Quantization Details

  • Method: BitsAndBytes 8-bit (LLM.int8)
  • Library: bitsandbytes (bnb)
  • Format: safetensors
  • Precision:
    • Weights: 8-bit int8
    • Activations / compute: FP16 or BF16 depending on hardware
  • Intended use: Low-memory inference on GPU or CPU

The quantized tensors are stored using bitsandbytes’s internal linear layers, referenced inside the safetensors file.

Transformers Usage

import torch
from torch import Tensor
import torch.nn.functional as F
from transformers import AutoModelForCausalLM, AutoTokenizer, BitsAndBytesConfig

def last_token_pool(last_hidden_states: Tensor,
                 attention_mask: Tensor) -> Tensor:
    left_padding = (attention_mask[:, -1].sum() == attention_mask.shape[0])
    if left_padding:
        return last_hidden_states[:, -1]
    else:
        sequence_lengths = attention_mask.sum(dim=1) - 1
        batch_size = last_hidden_states.shape[0]
        return last_hidden_states[torch.arange(batch_size, device=last_hidden_states.device), sequence_lengths]

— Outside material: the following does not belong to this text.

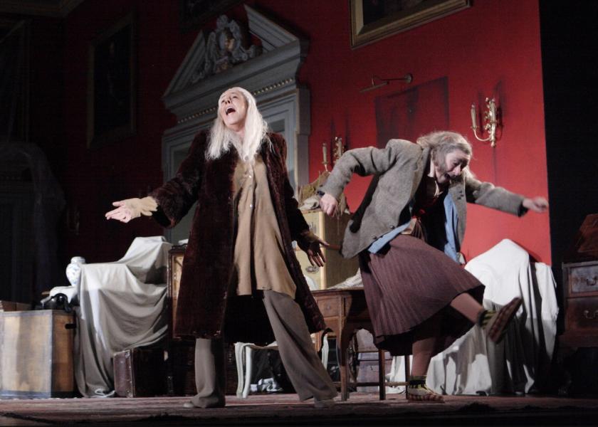 Frances de la Tour and Linda Bassett (pictured above right) are a delight as the two crones, playing snooty and mousey just like Robert Helpmann and Frederick Ashton's Ugly Sisters in Ashton’s ballet Cinderella. De la Tour, lofty in manner, and “Lofty” by nickname (yes!!!), has less richness in her script than the indiscreet, timorous Bassett, whose Iris pretty much steals the entire show; but as a duo they’re a treat, dancing to Petula Clark singing “Down Town” and walking tightropes of indiscretion and old-lady innuendo in their conversations.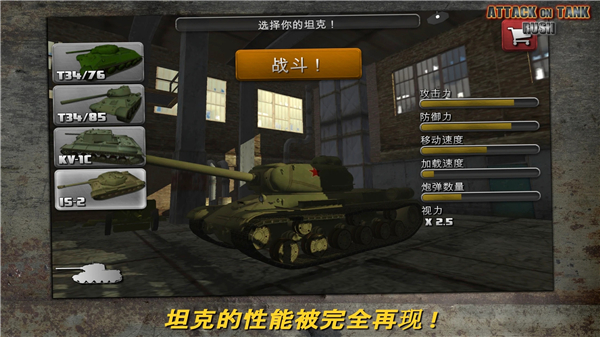 1、进入游戏后,首先点击游戏主界面上的“征战”按钮,进入游戏的挑战模式,准备开始激烈的坦克战斗,选择你想要挑战的关卡和敌人。

bnb_config = BitsAndBytesConfig(
    load_in_4bit=True,             # this enables 8-bit quantization
    llm_int8_threshold=6.0,        # defaults; safe values
    llm_int8_has_fp16_weight=False
)

model_id = "ManiKumarAdapala/Qwen3-Embedding-0.6B-Q8_0-Safetensors"

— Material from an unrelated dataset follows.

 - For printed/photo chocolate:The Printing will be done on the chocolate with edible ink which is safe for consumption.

tokenizer = AutoTokenizer.from_pretrained(model_id, padding_side='left')
model = AutoModel.from_pretrained(model_id, quantization_config = bnb_config)

max_length = 1024 #fixed

input_texts = "Gravity is a force that attracts two bodies towards each other. It gives weight to physical objects and is responsible for the movement of planets around the sun."

# Tokenize the input texts
batch_dict = tokenizer(
    input_texts,
    padding=True,
    truncation=True,
    max_length=max_length,
    return_tensors="pt",
)
batch_dict.to(model.device)
outputs = model(**batch_dict)
embeddings_ = last_token_pool(outputs.last_hidden_state, batch_dict['attention_mask'])

# normalize embeddings
embeddings = F.normalize(embeddings_, p=2, dim=1)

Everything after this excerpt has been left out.